First, let’s import the necessary packages:

from sklearn.ensemble import IsolationForest
from sklearn.model_selection import train_test_split
from sklearn.metrics import precision_score
import numpy as np

Next, let’s define our input and output (we will only use this for validation, not training), and split our data:

X = df[['Length', 'Left', 'Right', 'Bottom', 'Top', 'Diagonal']]
y = df['conterfeit']
X_train, X_test, y_train, y_test = train_test_split(X, y, 
test_size=0.33, random_state=42)

Next, let’s fit our model to our inputs:

clf = IsolationForest(random_state=0)
clf.fit(X_train)
y_pred = clf.predict(X_test)

Finally, let’s predict the test data and evaluate the precision score. Again, in practice, since this is unsupervised machine learning, we wouldn’t have labels to validate our models. For our purposes here, though, we will validate so we have a sense how well the methods can detect outliers:

pred = pd.DataFrame({'pred': y_pred})
pred['y_pred'] = np.where(pred['pred'] == -1, 1, 0)
y_pred = pred['y_pred'] 
print("Precision:", precision_score(y_test, y_pred))

We see that our outlier detection model has a precision of 0.625. Compare this to the precision of 0.30 we achieved with the box plots. This model also gives an accuracy of 56 percent, compared to the four percent from box plots, which shows a significant improvement in outlier detection.
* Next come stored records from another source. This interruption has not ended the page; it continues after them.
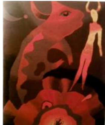
Рис. 4 О. Т. Чегорка, «Поклик вічності», 1995, папір, гуаш, 19х33
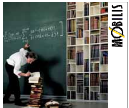
Mobilier contemporain - Sortie autoroute 1728 Rossens - 026 411 36 76 - www.mobilis.ch

nisait pour ses troupes de camarades une soirée «à la Girardet» où la délicatesse des plats époustouffait les plus étrangers aux merveilles du palais... L'homme en question, qui pratiquait le vélo de course entre deux services, n'était alors qu'un second couteau, si l'on ose dire... Mais déjà la voie de la célébrité lui était toute tracée: il s'appelait Philippe Rochat et avait pour coutume de dire que son plat préféré était... la fondue sous les filets (de camouflage)! PAB
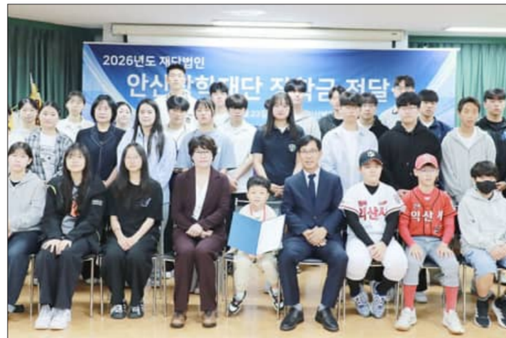
도전을 잃지 말고 자신의 가능성 격려했다.

이준 이사장은 "학생들은 미래 사회를 이끌어갈 소중한 자산"이라며 "어려운 상황 속에서도 꿈과
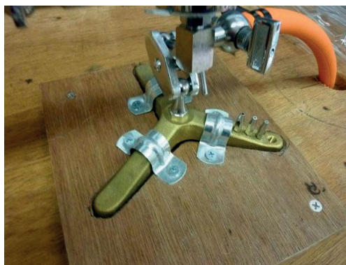
写真 - 6 バーナー固定枠

バーナーが転倒するのを防止するためにバーナーの固定枠を製作した(写真-6)。固定枠はコンパネを使用し, バーナーの台座の形にくり抜き, 作業台と固定した。そして, 留め金具を用いてバーナーと固定している。
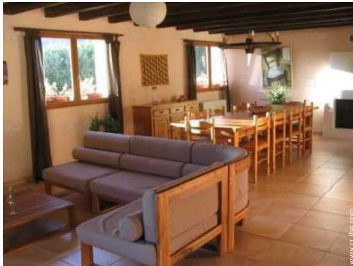
Disposición interior privado
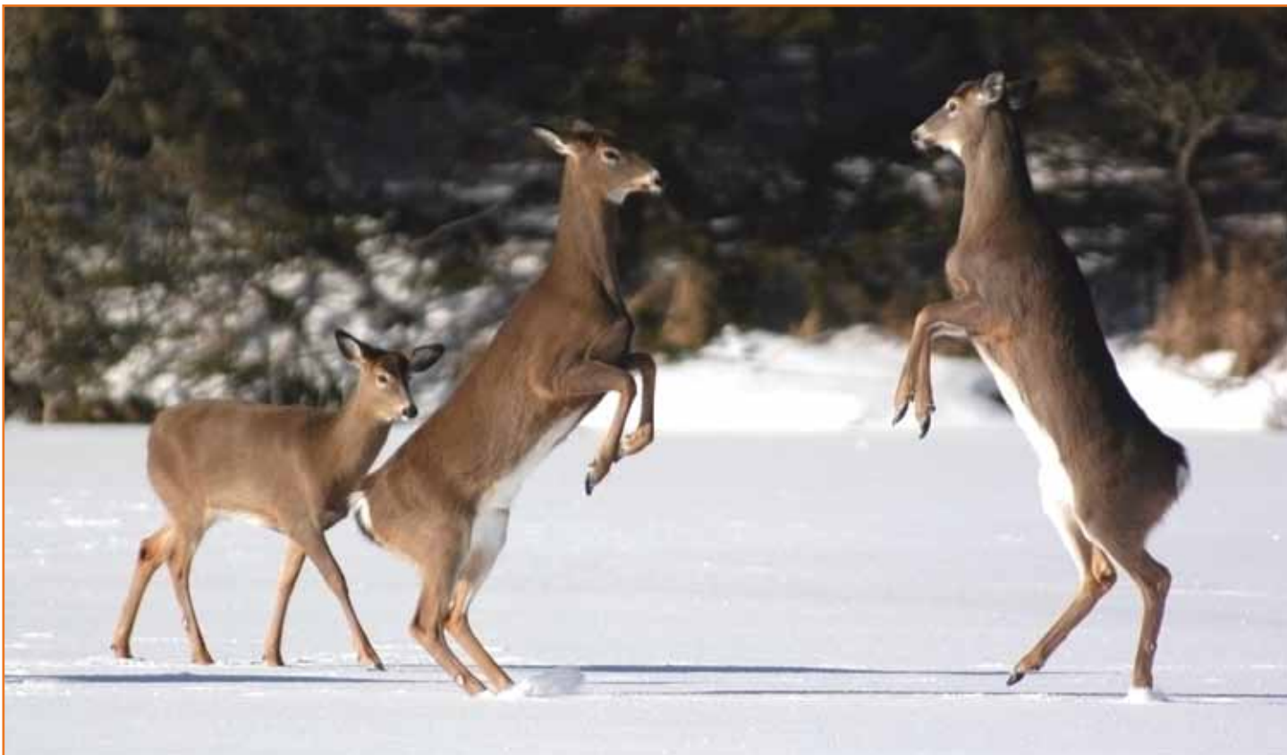
Weißwedelhirsche beim Spielen in nur 10 Meter Entfernung von unserer Fotohütte

Die beste Möglichkeit, Jungtiere vor Kojoten zu schützen, besteht darin, in Herden von 5 bis 20 Tieren zusammenzubleiben. Besonders nach starken Schneefällen versacken Weißwedelhirsche in Waldgebieten im Neuschnee. Der See ist allerdings durch den Wind meist von Schnee leergefegt, und daher können hier die Weißwedelhirsche vor den Kojoten flüchten. Dieses gilt besonders für die Sandstrände entlang

This is because isolation forests are able to partition the data and identify outliers along multiple features.

When we use box plots we have to manually inspect outliers and try to draw conclusions using multiple features, which becomes increasingly difficult the greater the number of features. For example, you can have a cluster of points where individual feature values may not be outliers, but a combination of values may be anomalous. This type of behavior is difficult to detect through inspecting box plots.

More in Data ScienceBaffled by Covariance vs. Correlation? You’re Not Alone.
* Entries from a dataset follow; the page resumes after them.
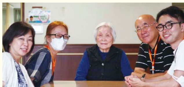
撮影時のみマスクを外しています

感染リスクもありますが、それを減らしながら コロナ禍前の当たり前を取り戻していく ことが当施設では重要だと考えています。
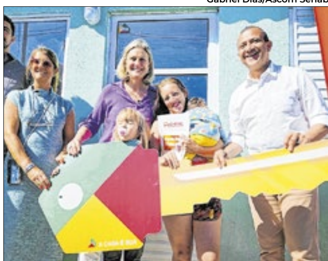
Programa prevê investimento de R$ 139,2 milhões
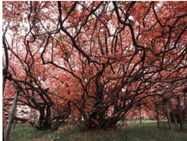
⑱ 躑躅ヶ岡(躑躅)[つつじが岡公園]
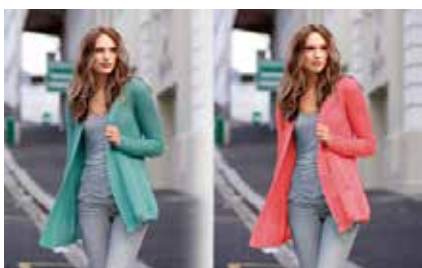
Realizar corrección de color
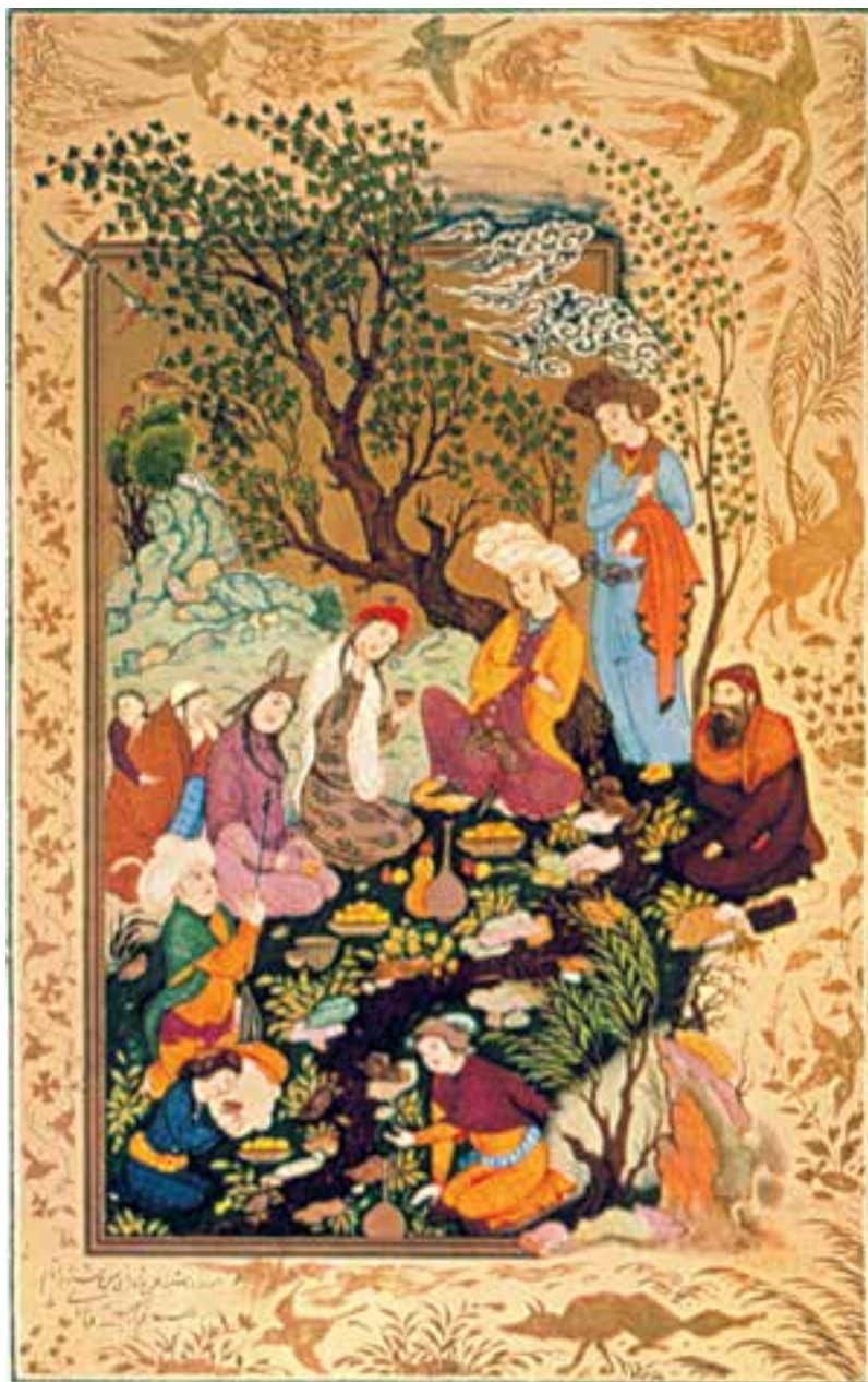
تصویر ۲-۴۱- رُقعه‌ی مصور، گلگشت، اثر رضا عباسی، ۱۰۲۰ ه.ق. اصفهان

این رُقعه‌ها تک‌نگاره‌هایی هستند که اگرچه به پیروی از ساختارهای سنتی نگارگری اجرا شده‌اند ولی استقلال موضوعی دارند. و با آن که ممکن است اشعاری با خط خوش در اطراف آن‌ها نوشته شود ولی ارتباطی موضوعی با کتاب‌ها و داستان‌ها ندارند. تولید این نوع جدید از نقاشی، نشانگر تغییر نظام عرضه و تقاضا در نقاشی این دوره است. باید گفت از دوره‌ی مغول‌ها (مکتب تبریز ایلخانی) فعالیت کارگاه‌های هنری درباری که با حمایت حکام فرهنگ‌پرور تداوم داشت عامل مهمی در تولید کُتب نفیس و نقاشی‌های داخل آن بود، اما با قطع این حمایت در اواسط سده‌ی دهم ه.ق. هنرمندان مسیرهای تازه و حامیان جدیدی را جست‌وجو و تجربه کردند که رونق رُقعه‌های مصور از نتایج این جست‌وجوها بود. رُقعه‌ها اصلی‌ترین نوع تولید تصویری طی سده‌ی یازدهم ه.ق در اصفهان است که توسط استاد بزرگ این دوره رضا عباسی و شاگردان و پیروان بسیارش بی‌گیری می‌شد (تصاویر ۲-۴۱، ۲-۴۲ و ۲-۴۳).

Using OneClassSVM for Outlier Detection

Now, let’s explore how to use OneClassSVM for outlier detection. This is another unsupervised machine learning technique that is useful for high dimensional and large data sets. Let’s import the necessary packages, fit our model and evaluate the performance:

clf_svm = OneClassSVM(gamma='auto')
clf_svm.fit(X_train)
y_pred_svm = clf_svm.predict(X_test)

pred['svm'] = y_pred_svm
pred['svm_pred'] = np.where(pred['svm'] == -1, 1, 0)

y_pred_svm = pred['svm_pred']
print("SVM Precision:", precision_score(y_test, y_pred_svm))
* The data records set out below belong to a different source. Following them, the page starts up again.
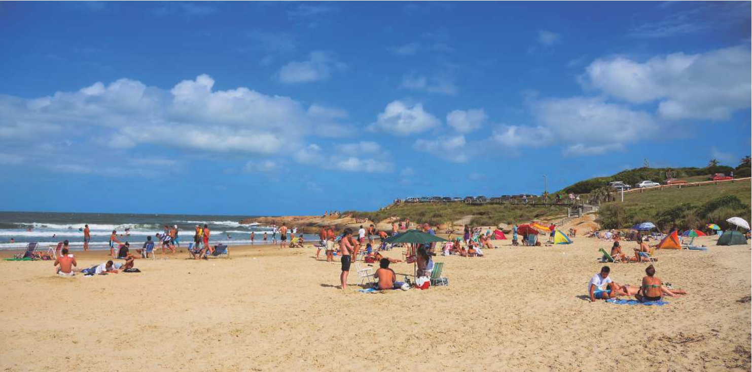
Playa "La Moza", Santa Teresa - Rocha
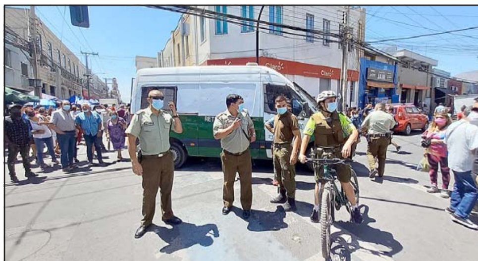
Personal de Carabineros en la intersección de Traslaviña con Prat donde se desarrollaron los incidentes.

De todas maneras el hecho causó gran expectación en el lugar, porque esa intersección es muy concurrida a toda hora, principalmente al medio día y a días de Navidad.
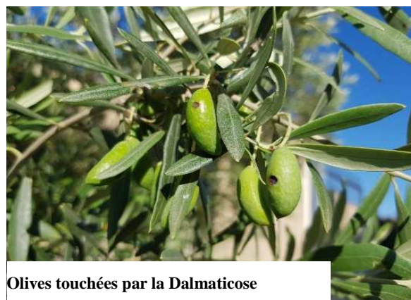
Olives touchées par la Dalmaticose

Posséder une méthode de lutte contre la mouche de l'olive efficace.
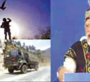
एक के बाद एक उसके निर्माण का काम तेज गति से चल रहा है। जो सीमावर्ती गांव कभी वीरान हुआ करते थे, हम उन्हें वाइब्रेंट बनाने में जुटे हैं। जो गति हमारे शहरों के लिए महत्वपूर्ण है, हमारे बॉर्डर पर भी वही गति होनी आवश्यक है। इससे यहां टूरिज्म भी बढ़ेगा और जो लोग गांव छोड़कर गए हैं, वे वापस लौट के आएंगे। पीएम मोदी ने कहा कि मेघालय के विकास के लिए 7 लाख करोड़

उन्होंने कहा कि खेलों को लेकर केंद्र सरकार आज एक नई अग्रोच के साथ आगे बढ़ रही है। इसका फायदा नॉर्थ ईस्ट के युवाओं को हुआ है। देश की पहली स्पोर्ट्स यूनिवर्सिटी नॉर्थ ईस्ट में है। उन्होंने कहा, 'लंबे समय तक देश में यह सोच रही है कि बॉर्डर एरिया में विकास हुआ, कनेक्टिविटी बेहतर नहीं हो पाई। लेकिन आज डंके की चोट पर बॉर्डर पर नई सड़कें, नई टनल, नए पुल, नई रेल लाइन, नए एयर स्ट्रिप, जो भी आश्चर्य है, के कारण नॉर्थ-ईस्ट समेत देश के सभी सीमावर्ती क्षेत्रों में कनेक्टिविटी बेहतर नहीं हो पाई। लेकिन आज डंके की चोट पर बॉर्डर पर नई सड़कें, नई टनल, नए पुल, नई रेल लाइन, नए एयर स्ट्रिप, जो भी आश्चर्य है,
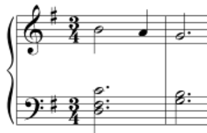
Figura 3 - V6/9 resolução descendente

É interessante observar também as notas estranhas agregadas aos acordes, que se tornam, pouco a pouco, um tipo de efeito timbrístico. A sexta e a nona são amplamente utilizadas em cadências do tipo V – I. Abaixo segue um arquétipo desse tipo de resolução (Fig. 3 e 4):
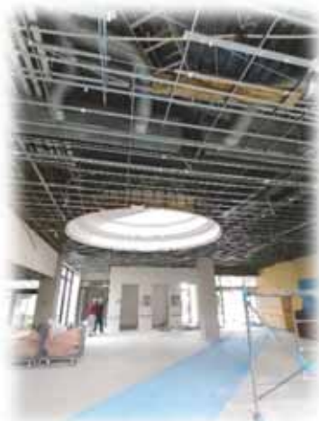
ホール天井材の撤去

工事期間中は、ご不便をおかけいたしますが、皆様のご期待に応えられるよう全力で取り組んでまいります。ご理解とご協力をよろしくお願い申し上げます。

We see that our precision decreases compared to the isolation forest method. Our accuracy also decreases from 56 percent to 47 percent when we compare isolation forests to OneClassSVM. This is likely because our data is relatively small and low-dimensional and our model overfit the data. This means that the algorithm models random noise and fluctuations in the data that don’t correspond to discernable patterns.

In this case, this random noise that the model learns fails to help capture the separation between outliers and inliers, meaning the normal data points. The tendency of OneClassSVM to overfit explains the decrease in performance compared to isolation forest.

The code from this post is available on GitHub.

Master Outlier Detection

Although we looked at methods for solving the task of outlier detection for identifying counterfeit banknotes, these methods can be applied to a wide variety of outlier detection tasks. For example, box plots can carry out tasks such as credit card fraud detection. Isolation forests are useful for tasks such as defected item detection in manufacturing. OneClassSVM applies to tasks that involve high dimensional data such as detecting bullying or terrorist activity using social media text data.

Whether you are working with financial data, manufacturing data or social media data, having a decent knowledge of outlier detection tools is useful for any data scientist. Although we only considered tabular numerical data, the basic concept of outlier detection applies across use cases. This article can serve as the foundation for data scientists just starting out learning outlier detection techniques in Python. These easy-to-use packages can help data scientists solve a variety of common outlier detection problems which translates to added value for clients, data science teams and companies overall.